▶ **INSTRUCTIONS FOR THE TASK**
Leaving out any pictures, transcribe every record exactly.
*** AVAILABLE DATA Section Begins ***
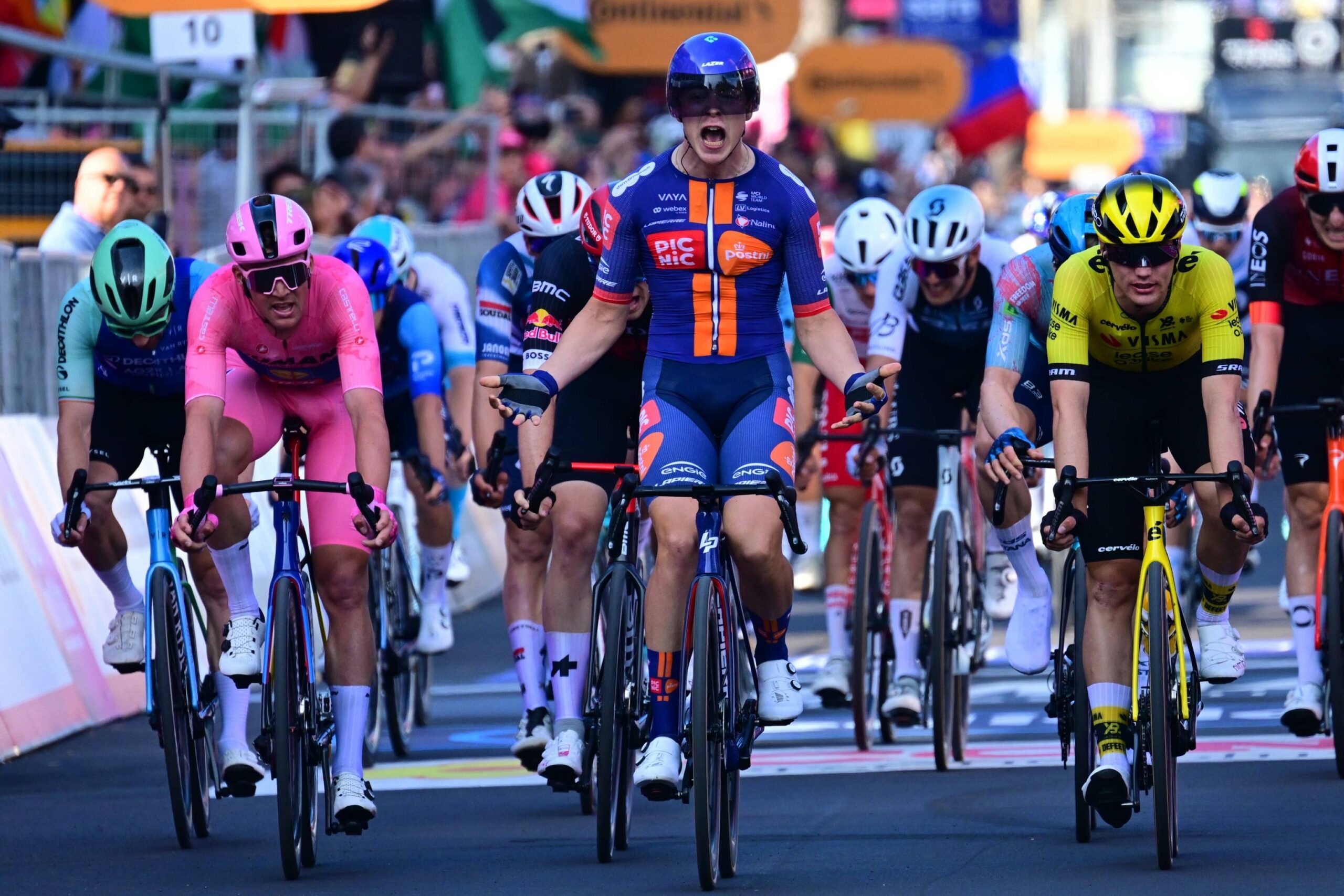 Volata doveva essere, volata è stata. La Alberobello–Lecce, quarta tappa da 189 km con cui il Giro ha fatto il suo rientro in Italia dopo le prime tre frazioni in Albania, era la classica giornata tutta pianeggiante ideale per gli sprinter. La sorpresa però è arrivata proprio sul traguardo: davanti a tutti Casper Van Uden, giovane pistard olandese che a 23 anni coglie il suo più importante successo su strada. A completare il podio dietro il velocista della Picnic PostNL altri due olandesi, Olav Kooij (Team Visma Lease a Bike) e Maikel Zijlaard (Tudor Pro Cygling Team).
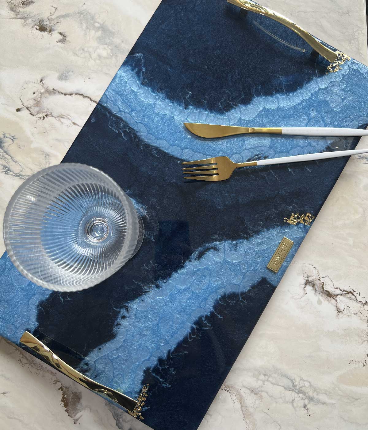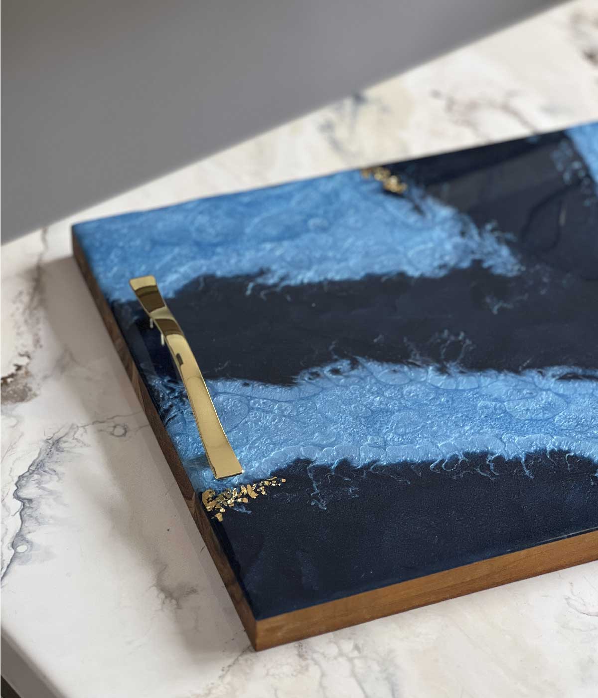 Hermosa bandeja, grande e imponente perfecta para servir a tus comensales en color negro con vetas doradas y laminilla dorada
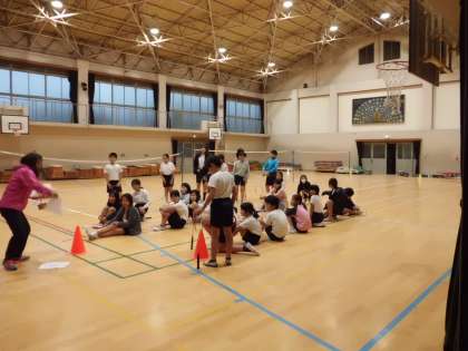 体育館では,バドミントン部が活動をしています。
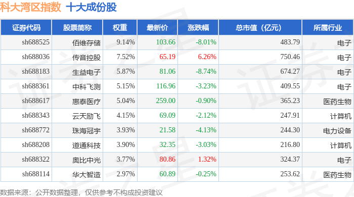 证券之星消息,11月21日,科大湾区(000697)指数报收于1208.29点,跌3.22%,成交175.17亿元,换手率2.18%。当日该指数成份股中,上涨的有4家,传音控股以6.26%的涨幅领涨,下跌的有52家,明微电子以9.44%的跌幅领跌。
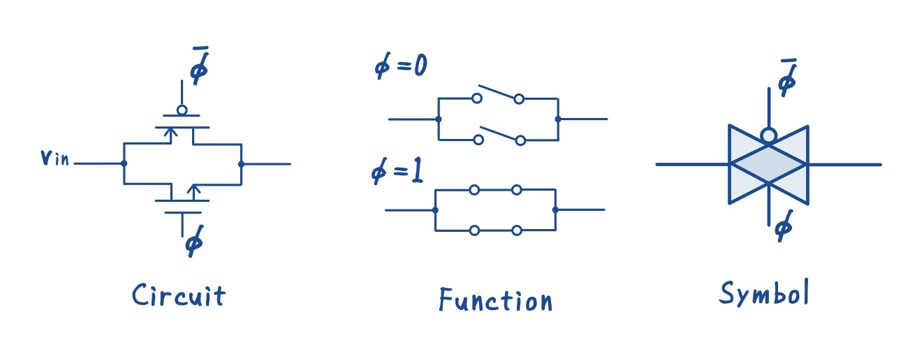 動作概要としては,nMOS 側にはクロック,pMOS 側にはその反転クロックを与えて制御することで,両トランジスタが同時にオン・オフするように動作します.この構成によって,nMOS は低電圧側で,pMOS は高電圧側でよく導通するという両者の特性をうまく組み合わせることができ,入力電圧の 0〜VDD の全レンジをカバーできます.
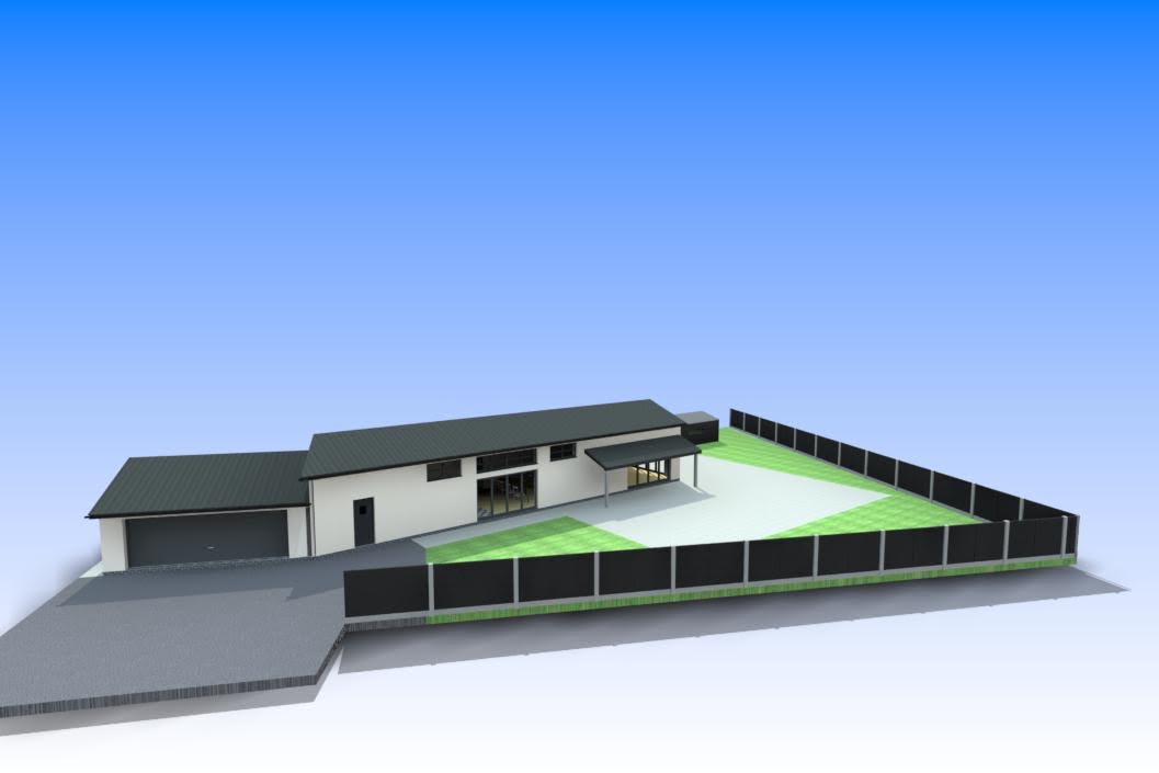 add two cars in front of the garage add some small trees near to the fence a mix of native spieces add some very small shrub planting near the house but keep the paths and patio area exactly to the dimetions they are
*** AVAILABLE DATA Section Ends ***
▶ **TASK ANSWER**
 Volata doveva essere, volata è stata. La Alberobello–Lecce, quarta tappa da 189 km con cui il Giro ha fatto il suo rientro in Italia dopo le prime tre frazioni in Albania, era la classica giornata tutta pianeggiante ideale per gli sprinter. La sorpresa però è arrivata proprio sul traguardo: davanti a tutti Casper Van Uden, giovane pistard olandese che a 23 anni coglie il suo più importante successo su strada. A completare il podio dietro il velocista della Picnic PostNL altri due olandesi, Olav Kooij (Team Visma Lease a Bike) e Maikel Zijlaard (Tudor Pro Cygling Team).
 Hermosa bandeja, grande e imponente perfecta para servir a tus comensales en color negro con vetas doradas y laminilla dorada
 体育館では,バドミントン部が活動をしています。
 证券之星消息,11月21日,科大湾区(000697)指数报收于1208.29点,跌3.22%,成交175.17亿元,换手率2.18%。当日该指数成份股中,上涨的有4家,传音控股以6.26%的涨幅领涨,下跌的有52家,明微电子以9.44%的跌幅领跌。
 動作概要としては,nMOS 側にはクロック,pMOS 側にはその反転クロックを与えて制御することで,両トランジスタが同時にオン・オフするように動作します.この構成によって,nMOS は低電圧側で,pMOS は高電圧側でよく導通するという両者の特性をうまく組み合わせることができ,入力電圧の 0〜VDD の全レンジをカバーできます.
 add two cars in front of the garage add some small trees near to the fence a mix of native spieces add some very small shrub planting near the house but keep the paths and patio area exactly to the dimetions they are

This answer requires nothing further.